Crypto prices are surging with the release of the Cool CPI, and the focus now shifts to the Federal Open Market Committee (FOMC) for the next big move. Traders are on the lookout for the best altcoins to invest in for quick gains as Bitcoin eyes the $70,000 mark.
The FOMC has decided to maintain the federal funds rate between 5.25% and 5.50%. The Summary of Economic Projections (SEP) indicates a potential quarter-point cut by the end of the year, contrasting with the previous forecast of three cuts in March. The central bank might adopt a more hawkish stance due to persistent inflation and a robust job market, following rate cuts by the European Central Bank and the Bank of Canada.
Market confidence has seen a boost with the expectation that the Fed will not reduce interest rates until September. This could act as a catalyst for Bitcoin to surge past $73,000 towards $100,000, given the positive chart analysis showing Bitcoin crossing its 5&20 DMA in recent sessions.
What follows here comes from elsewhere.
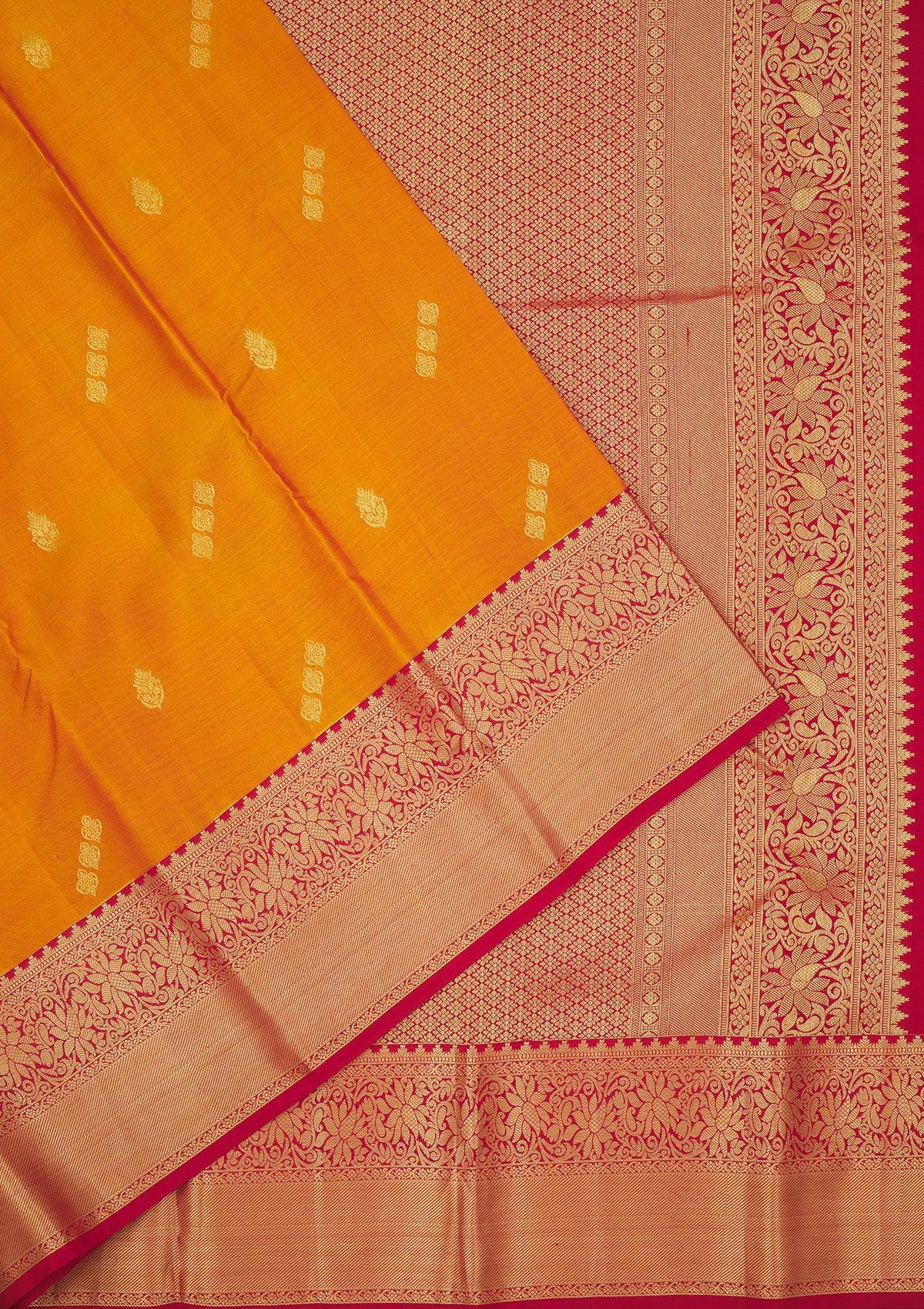 Mustard Saree in Pure Silk fabric. The Saree is elevated with Zariwork embroidery. It comes with an Unstitched blouse. Comes with the Koskii promise of premium quality.

While major cryptocurrencies like ETH, DOGE, SHIB, AVAX, and LINK showed mixed signals, some strong altcoins are emerging as potential investments. Notcoin (NOT), the first memecoin on the Ton blockchain, has been performing exceptionally well, with a 20% increase in 24 hours. Pepe (PEPE), an Ethereum meme token, is also showing promise with a 10% rise in the past 24 hours. SEAL, another meme token, has surged by 12.95% and could be a lucrative investment option.
Additionally, investing in crypto presales is gaining traction as a strategy to diversify portfolios. Web3 projects and protocols often offer discounted rates on native tokens during presales, providing early investors with an opportunity to acquire tokens before they hit the broader market. Identifying projects with strong visions, practical use cases, and competent teams is crucial for successful investments in this market.
Cryptonews.com has compiled a list of 15 potential Bitcoin alternatives in the presale market that show promise for returns. It’s important to remember that crypto is a high-risk asset class, and this information is for informational purposes only and should not be considered investment advice. Investors could potentially lose all of their capital.